• **Problem details**: Exclude the pictures, then repeat the remaining data exactly.

• **Information supplied**:
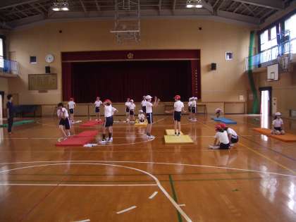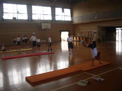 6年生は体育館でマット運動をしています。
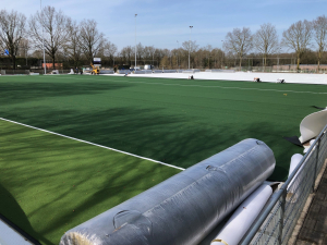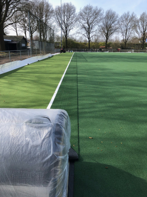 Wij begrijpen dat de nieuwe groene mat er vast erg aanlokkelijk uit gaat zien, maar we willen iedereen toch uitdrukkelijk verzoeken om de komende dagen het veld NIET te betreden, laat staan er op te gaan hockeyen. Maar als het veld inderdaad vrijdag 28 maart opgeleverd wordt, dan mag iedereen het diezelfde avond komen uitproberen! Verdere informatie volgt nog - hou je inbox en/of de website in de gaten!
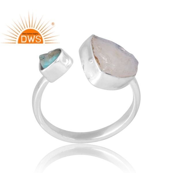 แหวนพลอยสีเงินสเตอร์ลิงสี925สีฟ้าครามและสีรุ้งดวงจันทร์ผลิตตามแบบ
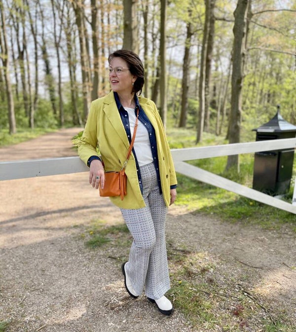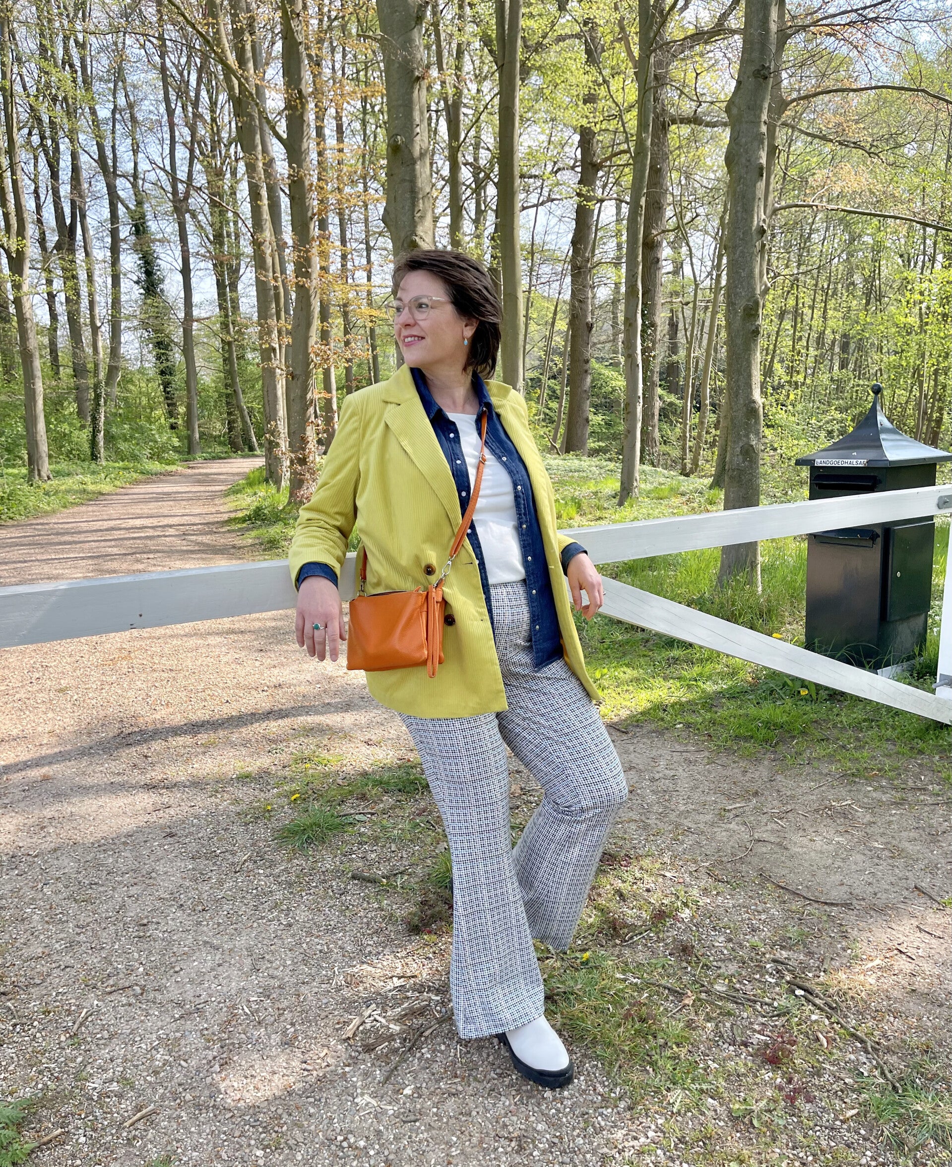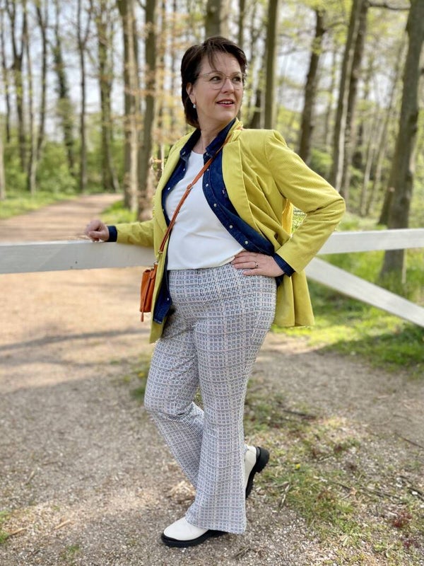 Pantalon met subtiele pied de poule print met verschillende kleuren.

• **Written answer**:
 6年生は体育館でマット運動をしています。
 Wij begrijpen dat de nieuwe groene mat er vast erg aanlokkelijk uit gaat zien, maar we willen iedereen toch uitdrukkelijk verzoeken om de komende dagen het veld NIET te betreden, laat staan er op te gaan hockeyen. Maar als het veld inderdaad vrijdag 28 maart opgeleverd wordt, dan mag iedereen het diezelfde avond komen uitproberen! Verdere informatie volgt nog - hou je inbox en/of de website in de gaten!
 แหวนพลอยสีเงินสเตอร์ลิงสี925สีฟ้าครามและสีรุ้งดวงจันทร์ผลิตตามแบบ
 Pantalon met subtiele pied de poule print met verschillende kleuren.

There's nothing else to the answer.